Hello together,
Furquan has landed his revert series of the new resource allocator. A little sad, but this allows us to take a deep breath and fix things without further breakage.
There is already one change series on Gerrit to bring it back [1]. This one goes the most conservative way: It moves the old allocator code aside, so we can have two versions in the tree and decide per chipset/ board which one to use.
I told people that I had something similar in mind. But actually, I don't like it very much. I fear, if we move things aside, they can be left behind and we might soon have to discuss platform deprecation again. It would also be harder to make changes in generic code like device/pci_device when one has to be sure that both allocators work fine.

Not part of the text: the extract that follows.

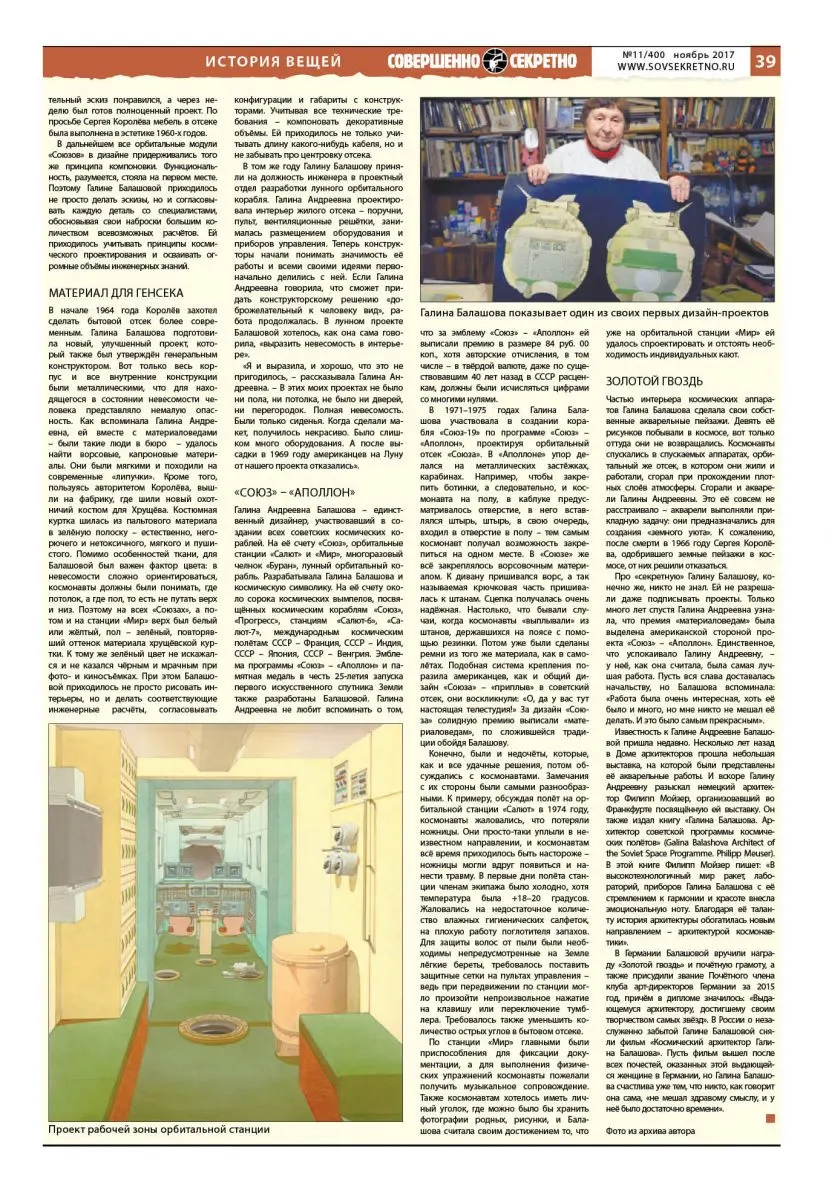 Галина Андреевна Балашова – единственный дизайнер, участвовавший в создании всех советских космических кораблей. На её счету «Союз», орбитальные станции «Салют» и «Мир», многоразовый челнок «Буран», лунный орбитальный корабль. Разрабатывала Галина Балашова и космическую символику. На её счету около сорока космических вымпелов, посвящённых космическим кораблям «Союз», «Прогресс», станциям «Салют-6», «Салют-7», международным космическим полётам: СССР – Франция, СССР – Индия, СССР – Япония, СССР – Венгрия. Эмблема программы «Союз» – «Аполлон» и памятная медаль в честь 25-летия запуска первого искусственного спутника Земли также разработаны Балашовой. Галина Андреевна не любит вспоминать о том, что за эмблему «Союз» – «Аполлон» ей выписали премию в размере 84 руб. 00 коп., хотя авторские отчисления, в том числе – в твёрдой валюте, даже по существовавшим 40 лет назад в СССР расценкам, должны были исчисляться цифрами со многими нулями.

So I want to propose alternatives. The obvious one, but also slowest, is to move all chipset code forward and to test and patch all the code before we merge the new allocator again. I might underestimate the pro- blems, but I still think we could get this going within a week.
Another option: we could identify the differences in the new allocator that had a part in the breakage and only provide a backward compatible implementation for those. Actually, I think it's only one: the resource constraining strategy for the domain. To make this compatible, we could a) drop all but the biggest memrange below 4G for the domain, and b) assign/steal resources from the end of the memrange at the domain level. It would closely mimic what the old code tried to achieve, so seems safe, somehow.
I can write patches for the latter, if we want to try this way.
Nico
[1] https://review.coreboot.org/c/coreboot/+/41442/
PS. Had some random thoughts I don't want to forget but didn't know where to put them down: * Debug messages. There is a lot of BIOS_SPEW (was already like this in the old code). Things that are only printed once per pass per bridge shouldn't be considered SPEW, IMO. * The above-4G memrange should be aligned to a power of 2 for better MTRR usage (if that isn't the case already?).